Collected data

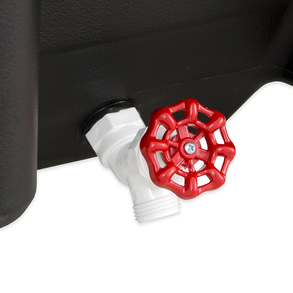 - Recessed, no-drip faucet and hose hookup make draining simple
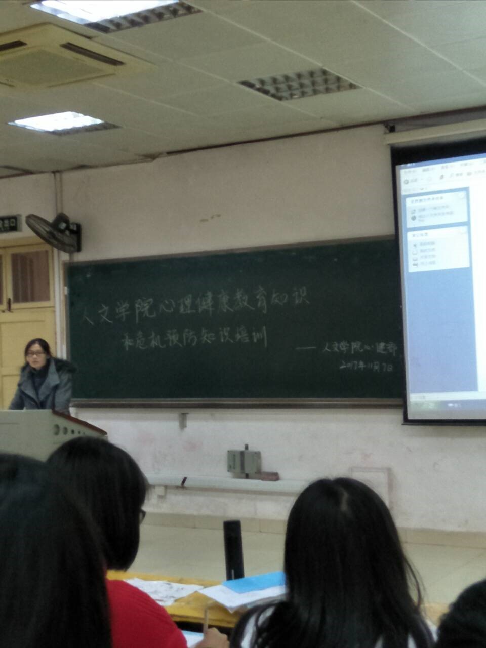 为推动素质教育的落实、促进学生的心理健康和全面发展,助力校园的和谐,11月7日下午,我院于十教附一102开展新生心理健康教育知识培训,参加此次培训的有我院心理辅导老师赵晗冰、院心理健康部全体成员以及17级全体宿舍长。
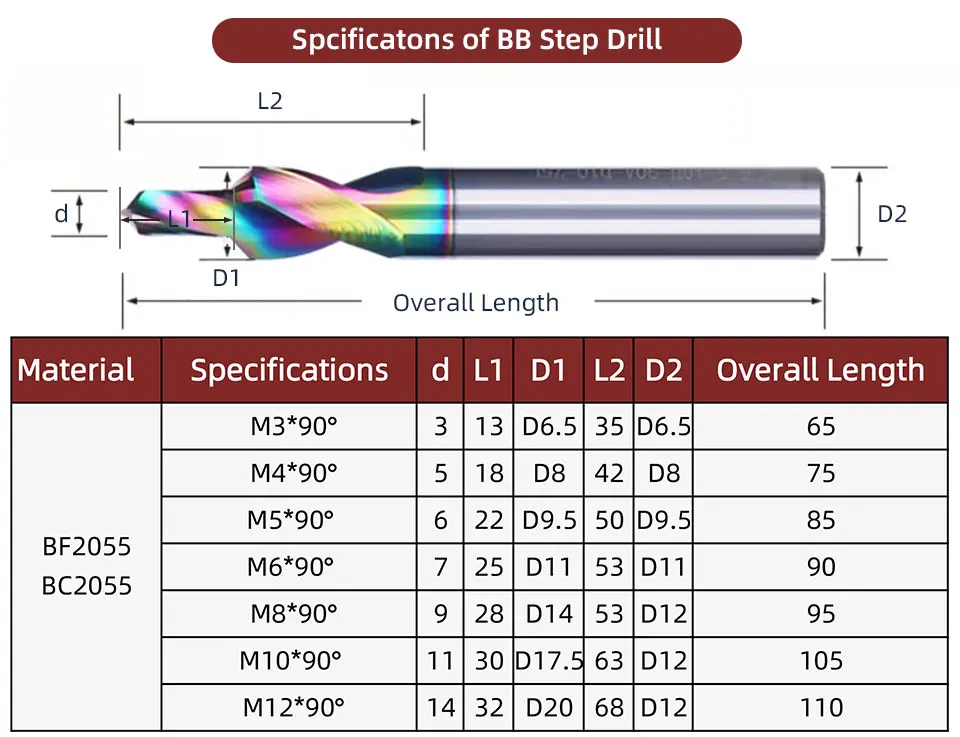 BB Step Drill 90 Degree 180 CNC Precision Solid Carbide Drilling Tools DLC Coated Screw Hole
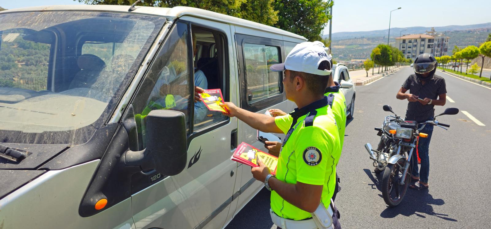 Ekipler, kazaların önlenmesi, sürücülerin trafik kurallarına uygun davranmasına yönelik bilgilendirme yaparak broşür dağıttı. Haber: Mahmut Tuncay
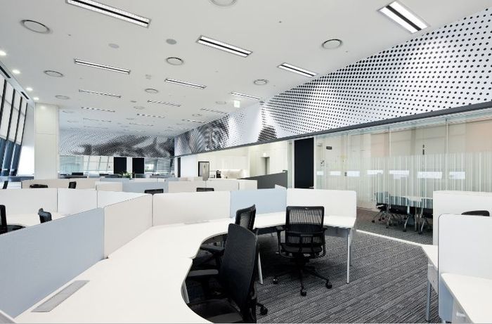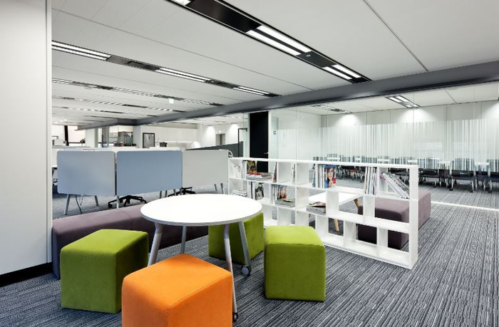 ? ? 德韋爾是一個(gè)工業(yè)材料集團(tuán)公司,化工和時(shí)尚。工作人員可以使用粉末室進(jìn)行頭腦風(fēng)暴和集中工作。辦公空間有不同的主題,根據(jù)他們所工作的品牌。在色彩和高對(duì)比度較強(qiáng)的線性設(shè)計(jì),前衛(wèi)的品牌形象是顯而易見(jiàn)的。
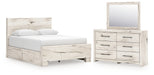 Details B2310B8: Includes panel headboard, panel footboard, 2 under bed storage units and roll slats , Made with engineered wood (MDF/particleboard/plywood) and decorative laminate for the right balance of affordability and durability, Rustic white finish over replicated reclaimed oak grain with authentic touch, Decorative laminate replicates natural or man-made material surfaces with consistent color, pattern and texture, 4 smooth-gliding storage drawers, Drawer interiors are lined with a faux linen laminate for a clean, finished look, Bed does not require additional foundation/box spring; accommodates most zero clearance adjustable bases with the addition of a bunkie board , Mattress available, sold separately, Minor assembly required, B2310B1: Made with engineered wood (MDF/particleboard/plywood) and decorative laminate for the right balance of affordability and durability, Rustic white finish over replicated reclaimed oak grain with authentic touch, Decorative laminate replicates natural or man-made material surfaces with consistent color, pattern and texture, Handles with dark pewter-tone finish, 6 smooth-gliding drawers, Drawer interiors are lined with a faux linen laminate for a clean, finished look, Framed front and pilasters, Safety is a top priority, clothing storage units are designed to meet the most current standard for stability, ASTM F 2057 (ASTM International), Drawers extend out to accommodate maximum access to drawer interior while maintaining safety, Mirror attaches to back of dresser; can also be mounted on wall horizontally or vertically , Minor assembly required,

§ **WHAT IS NEEDED**
This task calls for an exact copy of the data above, without pictures.

§ **EXERCISE RESPONSE**
 - Recessed, no-drip faucet and hose hookup make draining simple
 为推动素质教育的落实、促进学生的心理健康和全面发展,助力校园的和谐,11月7日下午,我院于十教附一102开展新生心理健康教育知识培训,参加此次培训的有我院心理辅导老师赵晗冰、院心理健康部全体成员以及17级全体宿舍长。
 BB Step Drill 90 Degree 180 CNC Precision Solid Carbide Drilling Tools DLC Coated Screw Hole
 Ekipler, kazaların önlenmesi, sürücülerin trafik kurallarına uygun davranmasına yönelik bilgilendirme yaparak broşür dağıttı. Haber: Mahmut Tuncay
 ? ? 德韋爾是一個(gè)工業(yè)材料集團(tuán)公司,化工和時(shí)尚。工作人員可以使用粉末室進(jìn)行頭腦風(fēng)暴和集中工作。辦公空間有不同的主題,根據(jù)他們所工作的品牌。在色彩和高對(duì)比度較強(qiáng)的線性設(shè)計(jì),前衛(wèi)的品牌形象是顯而易見(jiàn)的。
 Details B2310B8: Includes panel headboard, panel footboard, 2 under bed storage units and roll slats , Made with engineered wood (MDF/particleboard/plywood) and decorative laminate for the right balance of affordability and durability, Rustic white finish over replicated reclaimed oak grain with authentic touch, Decorative laminate replicates natural or man-made material surfaces with consistent color, pattern and texture, 4 smooth-gliding storage drawers, Drawer interiors are lined with a faux linen laminate for a clean, finished look, Bed does not require additional foundation/box spring; accommodates most zero clearance adjustable bases with the addition of a bunkie board , Mattress available, sold separately, Minor assembly required, B2310B1: Made with engineered wood (MDF/particleboard/plywood) and decorative laminate for the right balance of affordability and durability, Rustic white finish over replicated reclaimed oak grain with authentic touch, Decorative laminate replicates natural or man-made material surfaces with consistent color, pattern and texture, Handles with dark pewter-tone finish, 6 smooth-gliding drawers, Drawer interiors are lined with a faux linen laminate for a clean, finished look, Framed front and pilasters, Safety is a top priority, clothing storage units are designed to meet the most current standard for stability, ASTM F 2057 (ASTM International), Drawers extend out to accommodate maximum access to drawer interior while maintaining safety, Mirror attaches to back of dresser; can also be mounted on wall horizontally or vertically , Minor assembly required,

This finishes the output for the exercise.